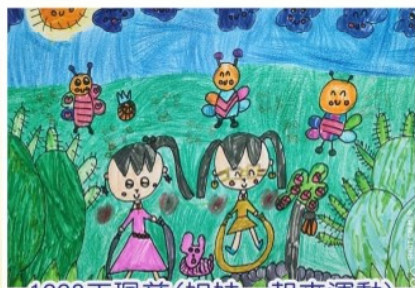
1228 王珮慈 (姐妹一起來運動)
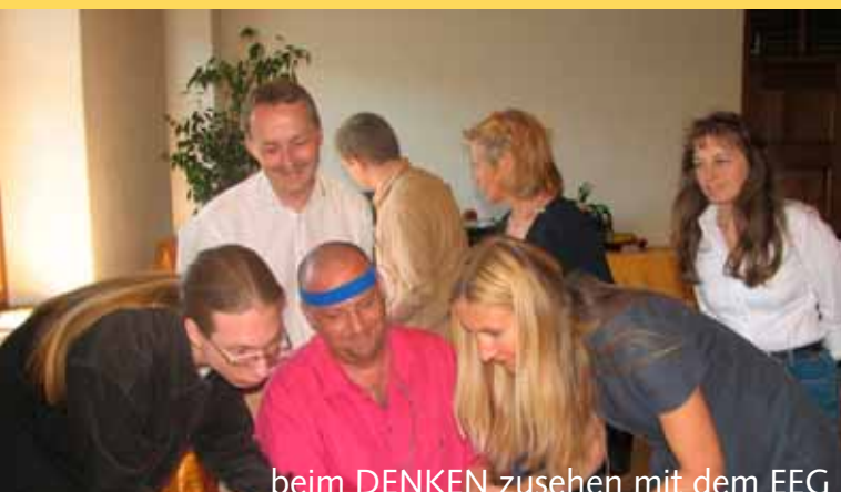
beim DENKEN zusehen mit dem EEG

Sie lernen die neuesten Tranceinduktionen von Richard Bandler aus DHE und NHR, vertiefen den Umgang mit dem Miltonmodell auch im Alltag z.B. im Verkauf!
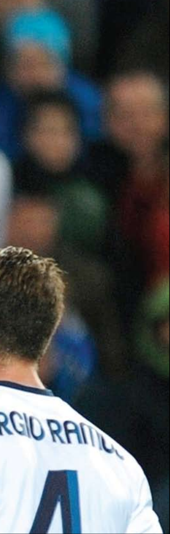
راموس ثال اندارين خلال دقيقتين وخرج من المباراة

المباراة أي جديد ليحصد ريال مدريد أرضية ملعب سانتياغو برنابيو. وأهدر كاكّا فرصة هدف محقق لريال مدريد في الدقيقة ٧٣ بعدما انفرد تماماً بمرمي روين مارتنيز ولكنه فشل في التسجيل وهو على بعد سنتيمترات من المرمى الخالي.

___

TASK TO COMPLETE:
If a line in the records contains the word "المباراة", copy it out.

WRITTEN SOLUTION:
راموس ثال اندارين خلال دقيقتين وخرج من المباراة
المباراة أي جديد ليحصد ريال مدريد أرضية ملعب سانتياغو برنابيو. وأهدر كاكّا فرصة هدف محقق لريال مدريد في الدقيقة ٧٣ بعدما انفرد تماماً بمرمي روين مارتنيز ولكنه فشل في التسجيل وهو على بعد سنتيمترات من المرمى الخالي.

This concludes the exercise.